Look for a vendor-partner that will enter into a pilot proof-of-concept of its solution for your business before you buy. That will help you formulate a more long-term strategic roadmap for your company where the vendor's solutions continue to deliver value.

SEE: In-memory computing: Where fast data meets big data (ZDNet)

4: How strong is the vendor's commitment to you?

Once you sign on the dotted line, the vendor-partner should demonstrate its ongoing commitment to you through strong support services and a robust set of service level agreements (SLAs).

In the SLA area, speed of performance and 365/24/7 uptime are important metrics. There should also be SLAs in place for time to response to questions, time to resolution for open production issues, and time to restoration for disaster recovery.

In the support area, the vendor should have training and certification programs and online resources available so that your staff can get up to speed with the solution.

You, not the vendor, should ensure in your contract that vendor support and SLA commitments are documented in an appendix to the contract and that there's a way for you to break or renegotiate the contract if the vendor fails to stand by its support and SLA commitments.

5: How solid are the vendor's references?

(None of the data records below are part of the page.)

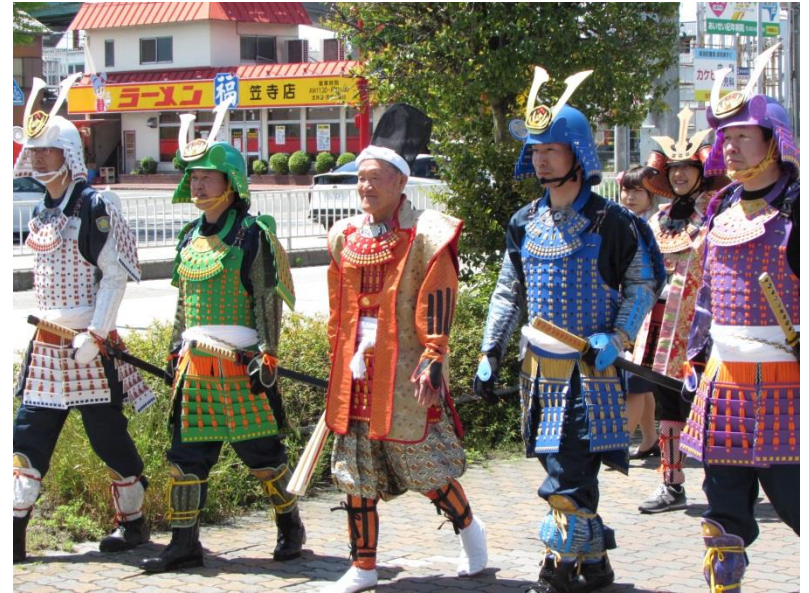
南警察署から南区役所までの練り歩き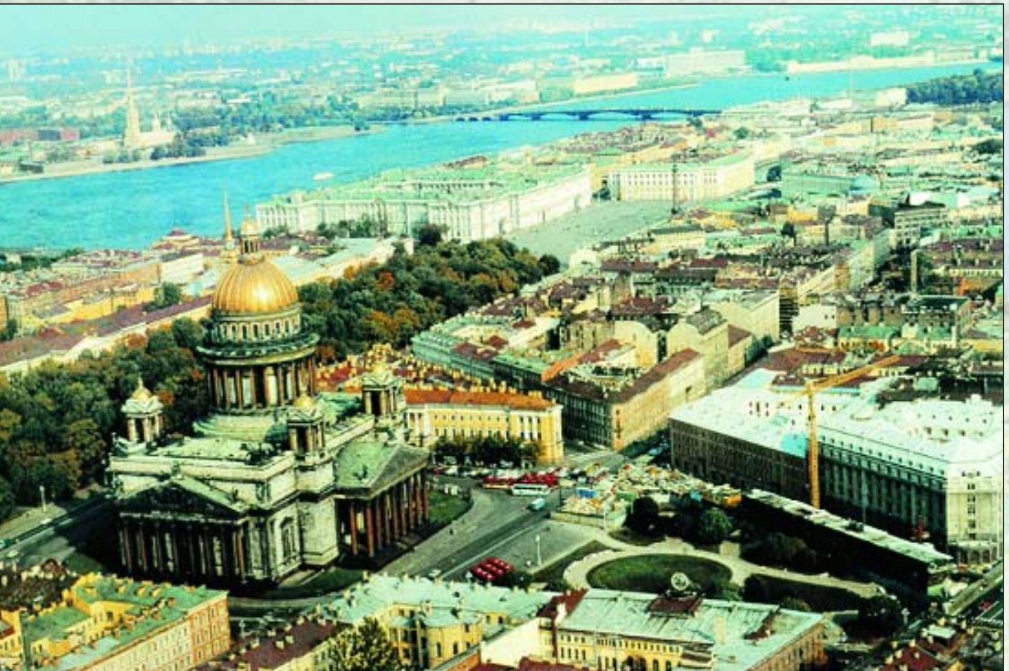
Санкт-Петербург. Вид на Исаакиевский собор

Одна из забот Комитета по госконтролю, использованию и охране памятников истории и культуры Администрации Санкт-Петербурга — реставрация надгробий, находящихся в аварийном состоянии. В 2003 году приведены в порядок захоронение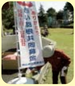
高齢者いきいきスポーツ大会での募金活動のようす

十月二十三日、川上地域老人クラブが、高齢者いきいきスポーツ大会の会場内で募金活動を行いました。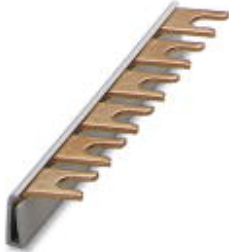
Wiring bridge for modules with connecting pitch 17.5 mm, 1-phase, 3-pos.

Please be informed that the data shown in this PDF Document is generated from our Online Catalog. Please find the complete data in the user's documentation. Our General Terms of Use for Downloads are valid ( http://download.phoenixcontact.com )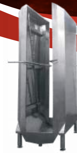
⚙️ CABINA DE LAVADO DE MEDIAS RESES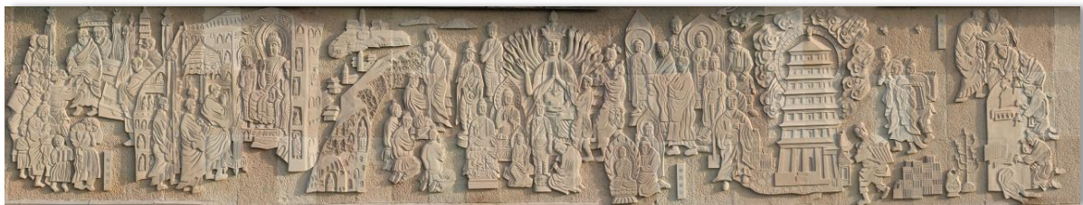
Figure 5. Relief in the Big Wild Goose Pagoda Square 图5. 大雁塔广场中的浮雕 ⑤

在整体布局上充分借鉴了唐朝“里坊”的布局设计形式，整体规划整齐有序，充分展现了唐朝建筑布局构建中的高度理性，具有浓厚的历史观感；在空间表现上，以大小、长宽高低错落的雕塑、平台等景观进行摆置，南北高差约为9米，广场细分9大平台，契合唐朝的礼仪制度；在细节设计上，无论是广场中的灯柱还是文化柱，其柱面图案通常选择与大雁塔佛教文化、唐代文化相关的图案内容作为主题，例如丝绸之路、千面佛像等以雕刻形式进行图案展现，这些细节又与大雁塔古迹进行文化呼应，进一步烘托了大雁塔古迹的历史氛围；在文化意境塑造上，大雁塔广场北墙集中了浮雕区，以“大唐盛世”作为其主题[9]，如图5所示，浮雕长约106米，将唐代佛教文化盛况、大唐盛世繁荣浓缩于浮雕设计之中，不但起到了弘扬唐代传统文化的目的，对于广场的南北分割起到了很好的分割作用；在广场地面设计上，采用“地雕”形式进行呈现，主要以传统花纹、唐代书法作为地景表现元素，例如浮雕中常见的花纹如宝相花、唐草纹、陵阳公样等，如图6所示，不仅花纹效果细腻高雅，展现了唐代文化的雍容典雅，还集中将唐文化美学融入在广场地面设计之中，增强了广场地面景观的文化内涵。透过大雁塔广场中的景观设计表达，集中展现了唐代传统文化中的开放性、丰富性、多样性、兼容并蓄特点。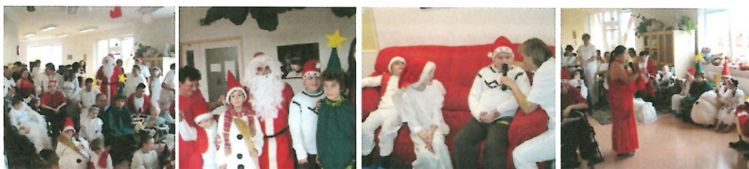
Mikuláš v Nezábudke

Aj v roku 2014 Nezábudku navštívil Mikuláš a vďaka sponzorom rozdával krásne balíčky. Podujatie bolo dôkladne pripravené, pod vedením vychovávateľky a opatrovateliek naši členovia nacvičili krásny kultúrny program a kostýmy boli vlastnoručne pripravené počas hodín pracovnej terapie. Program končil veselou tancovačkou v rámci muzikoterapie.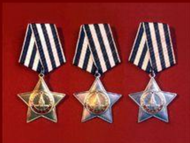
Орден Славы Учрежден 8 ноября 1943 г.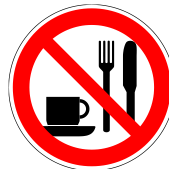
Essen und Trinken verboten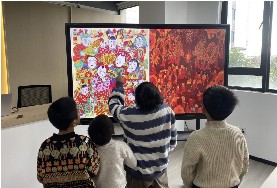
孩子们在欣赏年画。

横峰街道相关负责人表示，春节期间，街道将紧扣传承弘扬中华优秀传统文化，丰富居民群众精神文化生活，围绕营造喜庆祥和的节日氛围这一主线，持续开展各类 新生活·新风尚·新年画 文明实践活动，让辖区居民在家门口就能欢欢喜喜过新年。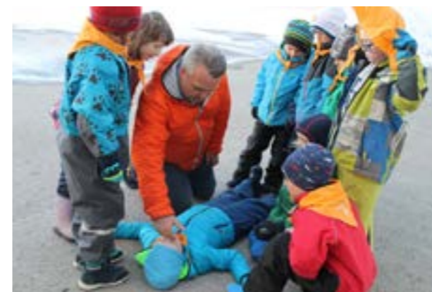
Familiespeiderne lærer førstehjelp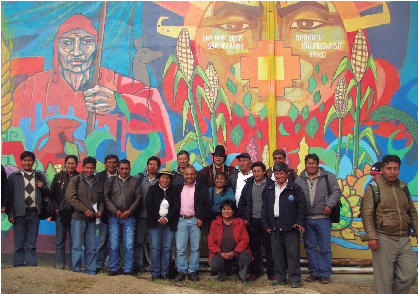
▲ Universidad para movilizar las sabidurías. Universidad indígena boliviana Aymara Tupak Katari , Bolivia, Foto: Olver Quijano Valencia, Año: 2015

escuchar en el otro cultural la verdad en tanto verdad, no simplemente en tanto relato, es algo que la disciplina no puede acometer. Tomarse en serio la diferencia es solo posible cuando el domicilio ha sido desplazado desde el lugar hegemónico de la disciplina hacia la diferencia, es decir, la diferencia desde espacio-tiempos otros (Grosso, 2011, p. 28).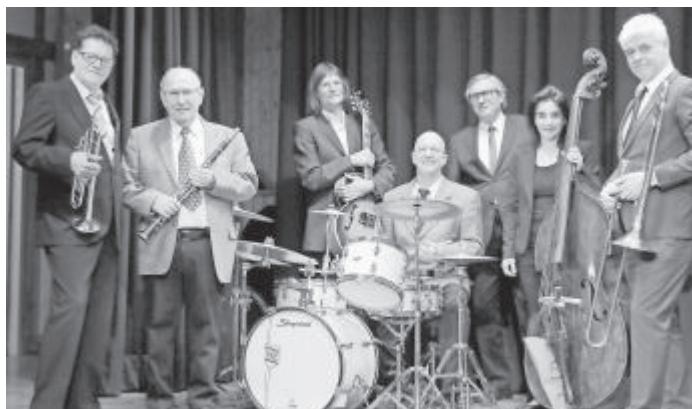
Flat Food Stompers

Während Fernsehaufnahmen für den SWR3 wurde die Gruppe als „die erfolgreichste Band“ beim Olymp Jazzfestival in Bietigheim-Bissingen bezeichnet. Weitere Pressestimmen: „Die Band spielt in der obersten Liga. Jazz vom Feinsten“, „Top-Liga der deutschen traditionellen Jazzbands“.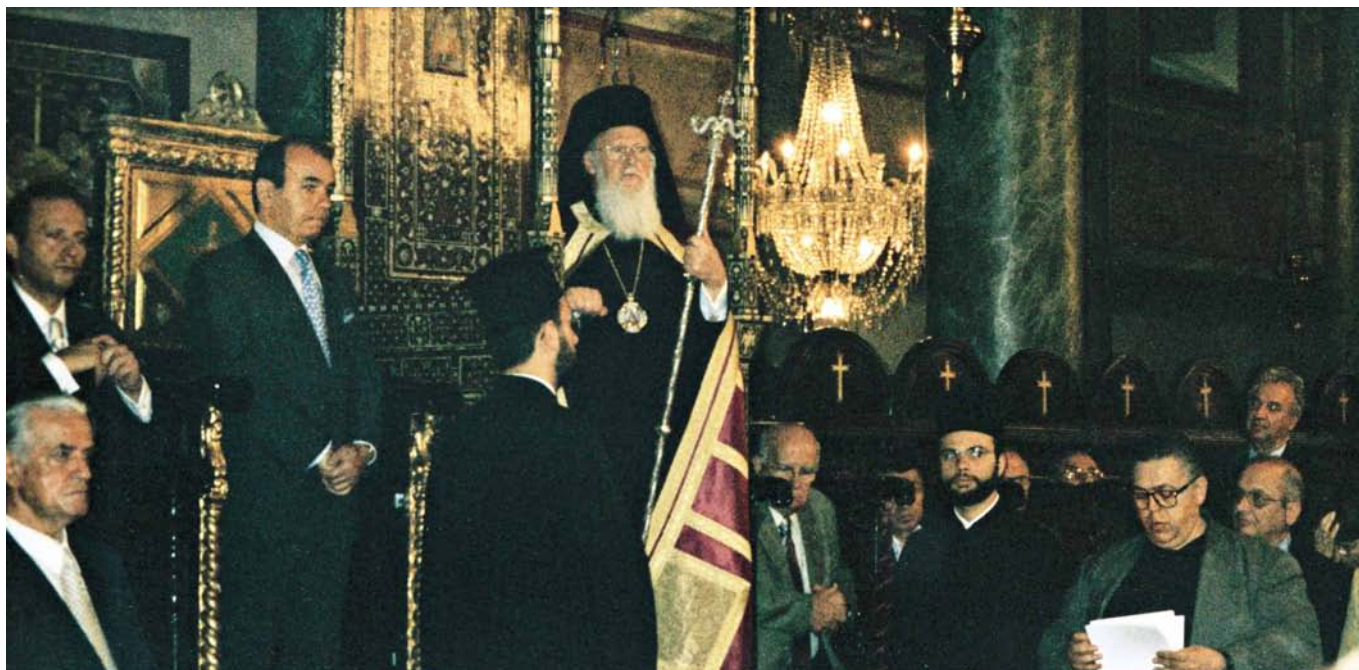
Η Αυτού Θειοπάτη Παναγιότης, Οικουμενικός Πατριάρχης κ.κ. Βαρθολομαίος κατά τη θεία λειτουργία προς τιμή των προστατών Αγίων της Συμβολαιογραφίας Αγίων Μαρκιανού και Μαρτυρίου.

Εμείς δεν θα γράψουμε για τον εορτασμό των προστατών μαρτύρων μας στην Κωνσταντινούπολη, αλλά θα τον περιγράψουμε μέσα από φωτογραφικό ρεπορτάζ.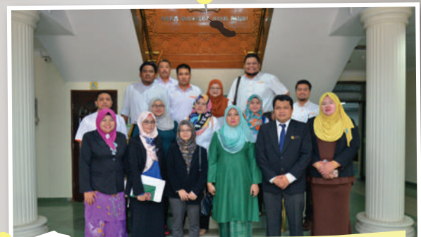
Lawatan dari Majlis Daerah Hulu Selangor

Objektif : Mempelajari hal pentadbiran Koperasi MBBJ dan pembangunan sektor pelancongan di MBBJ.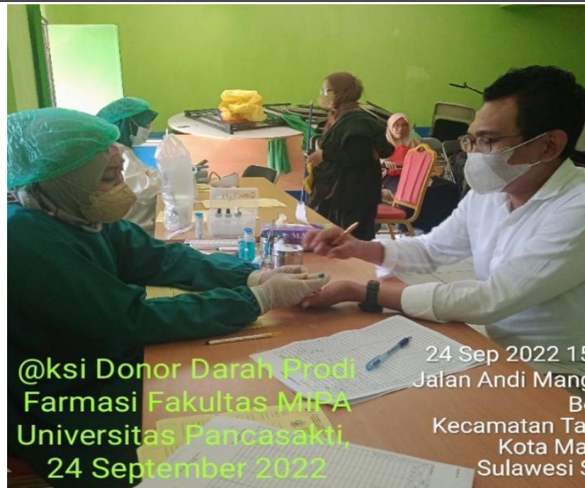
Gambar 2. Proses Pemeriksaan Kesehatan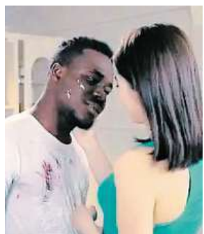
Před a po v kontroverzní čínské reklamě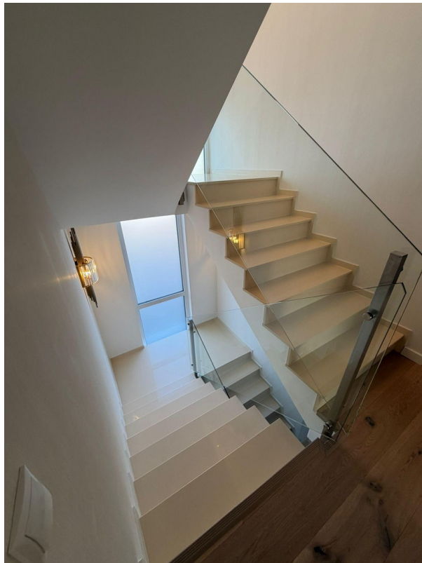
Helle Treppe mit offenem Desig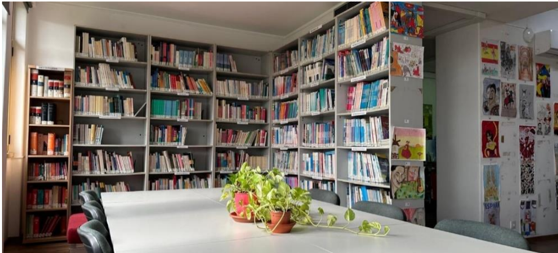
Área de reuniones del Centro de Recursos

Ubicado en la Avenida Liberdade de Lisboa, el Centro de Recursos es un espacio abierto que cumple con una misión doble: apoyar la enseñanza del español como lengua extranjera y atender a cualquier persona que necesite información o gestiones relacionadas con la educación no universitaria en Portugal o en España.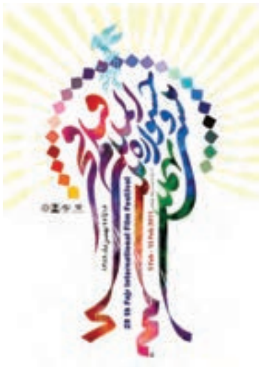
شکل ۱۴-۱- پوستر جشنواره فیلم فجر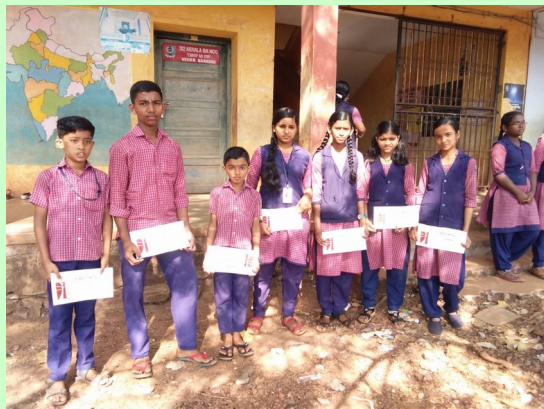
VIDYARANGAM DISTRICT LEVEL PARTICIPANTS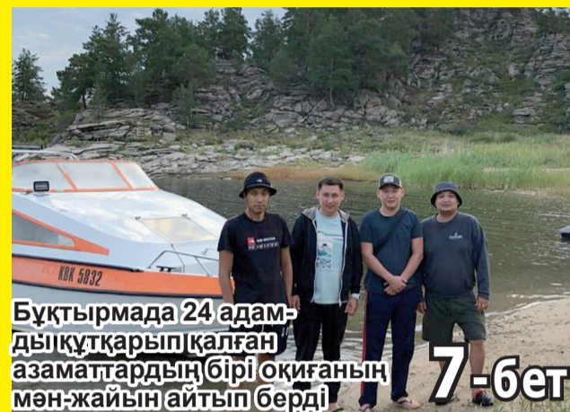
Бұқтырмада 24 адамды құтқарып қалған азаматтардың бірі оқиғаның мән-жайын айтып берді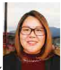
上江保育園家庭教育学級長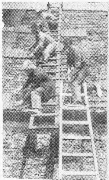
▲ Mitme mehe töö ja katus saab kähku korda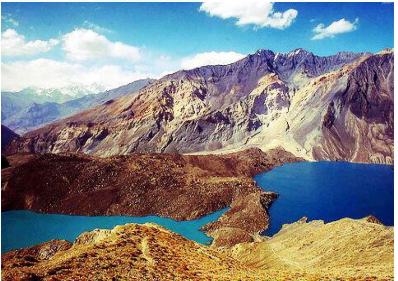
Рис. 8. Озеро Сарез (ГБАО-Памир).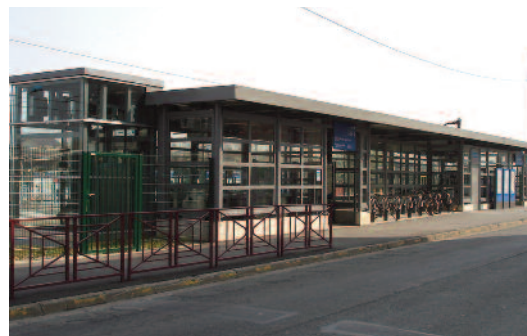
4- GARE TRAM/TRAIN AULNAY-BONDY - BONDY (93)

Every vendor will handpick the best references from its client base and give you those people to contact. Instead, you should ask the vendor for a complete (or near complete) list of clients you can randomly call. This helps you obtain more objective reviews of the vendor and its performance. It's also advantageous to contact references that are in the same industry as you are.

6: is the vendor compliant?

If a prospective vendor-partner can't meet the same governance levels for security, data safekeeping, and so on, that you expect of yourself, you should keep looking for another vendor.

Your vendor-partner should be able to furnish you with current IT and financial audits. You want the former to ensure that the vendor has the level of security and data protection you expect. You want the latter to ensure that the vendor is solvent and will be in business for the foreseeable future -- because you don't want to have to change partners.

SEE: Why enterprises are finally paying up for big data security (TechRepublic)

7: Does the vendor have skills and knowledge you don't have?

In August 2017, Harvard Business School reported that "Big data is not used well. Companies are better at collecting data -- about their customers, about their products, about competitors -- than analyzing that data and designing strategy around it."

Yours might be one of the many organizations having trouble getting the most from their big data. This makes it imperative to find a vendor-partner that can bring knowledge and "on the ground" skills to your efforts, as well as a technology solution.

If the vendor can't provide deep big data knowledge and practical skills, you might be better off looking elsewhere until you find a partner that can.

8: Is the vendor open to skills transfer to your organization?

Most companies want to develop big data skills within their own organizations. What they find is that they must retrain staff in these new skills.

When you negotiate with a vendor-partner, and before you sign on with it, you should discuss your staff training goals and ideally come up with a knowledge transfer policy that everyone participates in.

This strategy goes beyond just training your staff to operate the vendor's tool set or using the vendor to provide expert consultation when you need it. It could also involve the vendor's working side by side with your staff, with knowledge transfer and project execution occurring simultaneously. The end goal of such an effort is to accomplish the project, as well as equipping your staff with the skills they need to do a similar project on their own the next time around.

Final remarks

The process of choosing a vendor-partner should be approached carefully and thoughtfully. You want fair pricing and an excellent solution set from the vendor, but you also want a partner that will be there when projects encounter difficulty and you need vendor support. The real test of a strong partner is a company that's in there working with you for as long as it takes to resolve an issue and bring your project to a successful close.